From time to time in our offices and labs at Diasome, we kick around the phrases “iatrogenic hyperinsulinemia” and “iatrogenic hypoglycemia,” perhaps because they make us feel smart, but perhaps because they are also highly descriptive terms for the problem with current insulins. “Iatrogenic” is a medical term used to describe a therapy or other medical intervention that actually causes harm in the process of treating someone. Insulin is the poster therapy for the word “iatrogenic” because current insulin therapy does often lead to too much insulin, or hyperinsulinemia, and too much insulin relative to glucose can lead to too little glucose, or hypoglycemia.
As a person diagnosed with type 1 diabetes myself a little more than 25 years ago, I have spent my professional life working in support of scientists and clinicians who believe that insulin therapy should mimic pancreatic insulin that reaches the liver more directly. We refer to this as the “where?” question: “Where does insulin go after it is injected?” Just as location is everything in real estate, where insulin works is critically important in developing an effective insulin therapy.

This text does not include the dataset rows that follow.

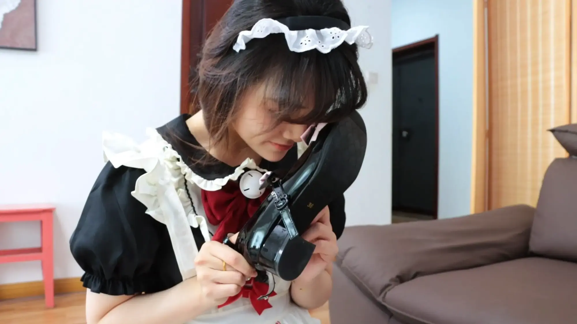 梦尘一扭一扭地爬到绮娜面前,用嘴帮绮娜脱掉了两只鞋子,然后绮娜拿起一只鞋子,蹲在梦尘旁边,用鞋子抽打梦尘的屁股【要很用力打3下,要能听到很大的响声】,梦尘痛的直叫,但梦尘看出了绮娜的癖好,出于女仆的职业素养,仍然笑着说,
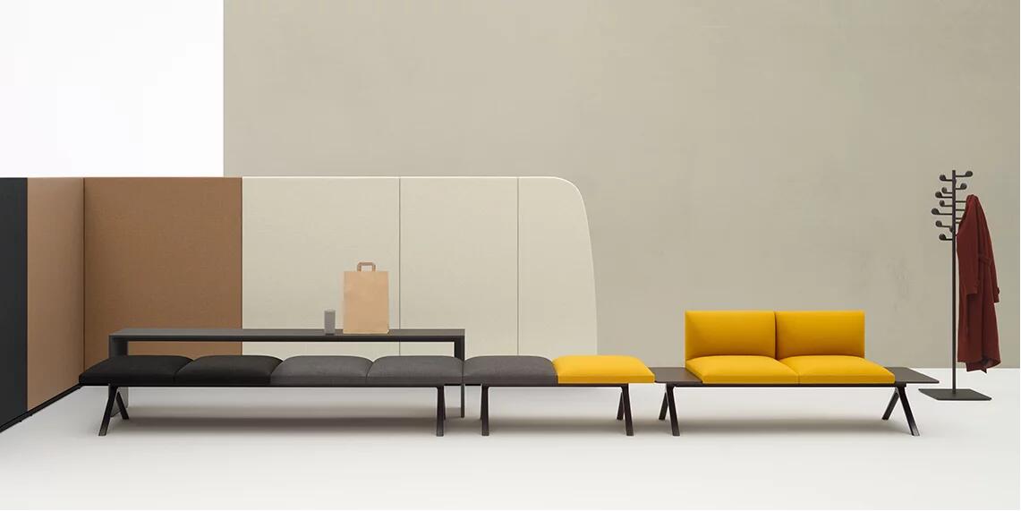 Kiik是一个模块化系统,由各种尺寸的框架组成,可与垫子结合,可提供或不提供63x63 cm靠背,座位高度为45 cm。Kiik桌子有不同的形状和尺寸(矩形、方形、三角形、四分之一圆形),因此允许线性和L形模块(120°和90°)。该系列的补充是一个控制台与252x40厘米的三个高度顶部:58,72 e 105厘米,和126x157.5厘米的座椅高度36厘米的搁脚凳。
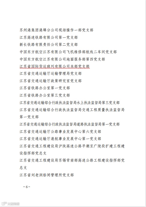 下一步,省班列公司党委将以此次获评荣誉称号为契机,继续发挥基层党组织战斗堡垒和党员先锋模范作用,坚定不移贯彻新发展理念、服务构建新发展格局,深带领广大党员立足职能职责,主动担当作为,以坚如磐石的信心、只争朝夕的劲头、坚韧不拔的毅力,全力开启江苏班列高质量发展新征程,在全省交通运输现代化示范区建设中展现更大作为。
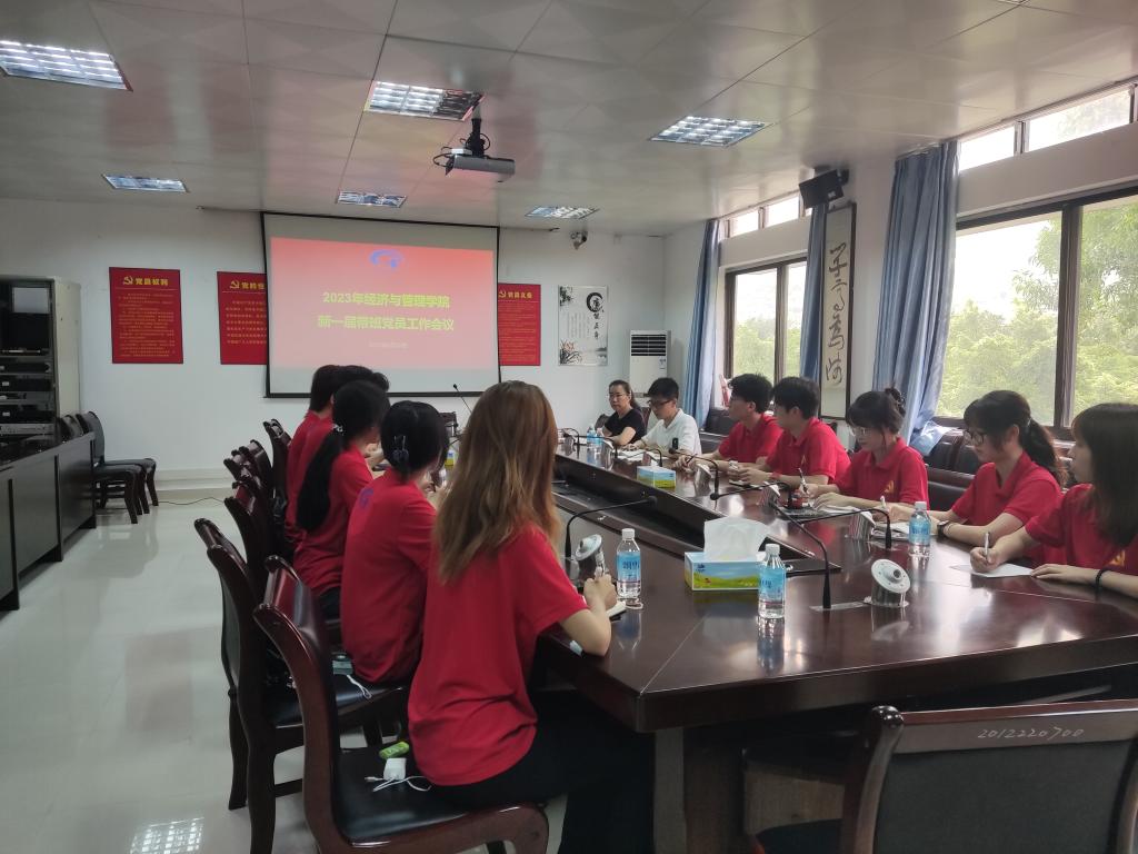 [经管公司 讯] 6月20日,EMC易倍新一届带班党员工作会议在公司501室举行。公司党委副书记颜春萍、辅导员李力、以及2023级带班党员参加了此次会议。
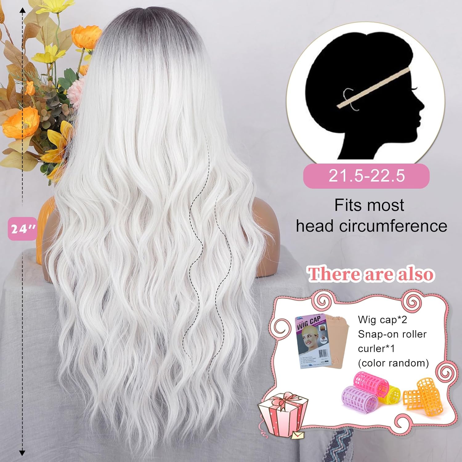 【Beautiful White & Candy Type】Searching for a natural-looking white wig with a classy wavy design? Look no additional than this lengthy wavy wig with bangs, which is without doubt one of the hottest types within the wig class. White represents purity and makes you look extra elegant. The darkish hair roots make the white wigs extra modern, natural-looking wavy type, and candy bangs that body the face superbly and make you look extra pure.
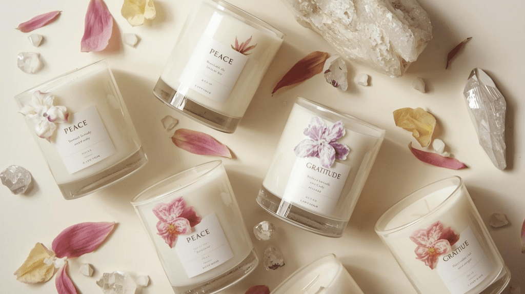 - Add crystal chips like amethyst or rose quartz for intention candles.
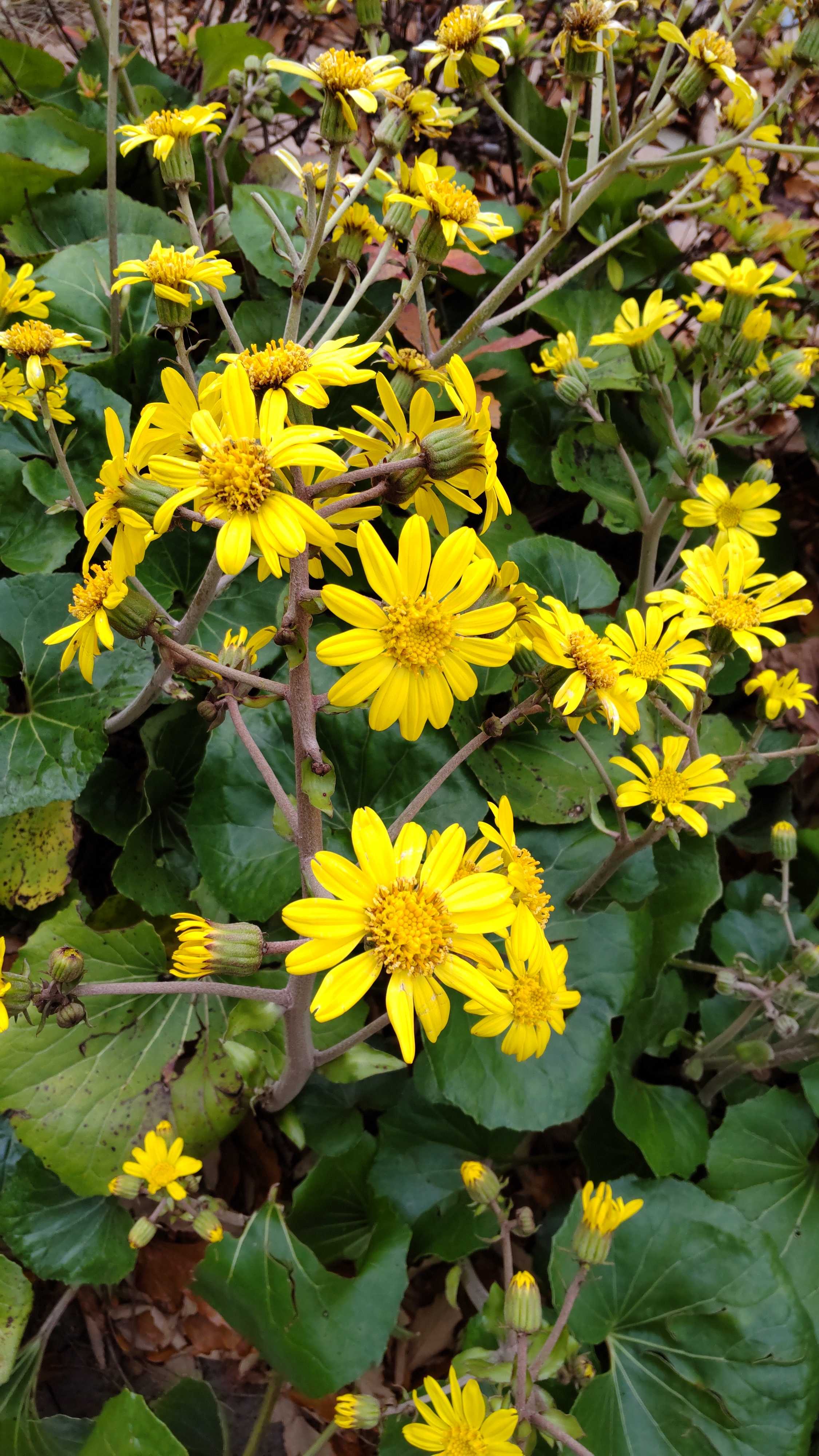 こちら近所のショッピングモールの駐輪所脇に咲いていたツワブキの花。

Why does islet cell transplantation work? Because it restores insulin in the liver. Why does a dual insulin/glucagon closed loop system make more sense than an insulin-only system? Because a dual hormone system recognizes the powerful ability of the liver’s glucagon response in counteracting hypoglycemia. These technologies are focused on the goal of restoring normal physiology, but the missing piece is still the availability of an insulin that is liver cell specific.
Interestingly, it took 50 years after the discovery of insulin before researchers at Columbia University found out that injected insulin does not reach the liver. Frustratingly, almost another 50 years have passed, and we still do not have insulin therapies that can set things in motion in the liver the way normal insulin does.
Diasome represents a team of scientists, physiologists, formulation chemists, diabetologists, clinicians and entrepreneurs who are all dedicated to bringing the first liver-targeted insulin to patients. We believe that a Person With Diabetes’ Bill of Rights would begin with having access to insulin therapies that really mimic normal physiology, starting with insulins that “set things in motion” in the right amount and at the right time, but most importantly, in the right place.
Our guiding principles include the recognition that insulin is very powerful and that all injected insulins should be liver targeted because all pancreatic insulin is, by definition, liver targeted. In glucose metabolism, location is everything, and at Diasome #WeTellInsulinWhereToGo.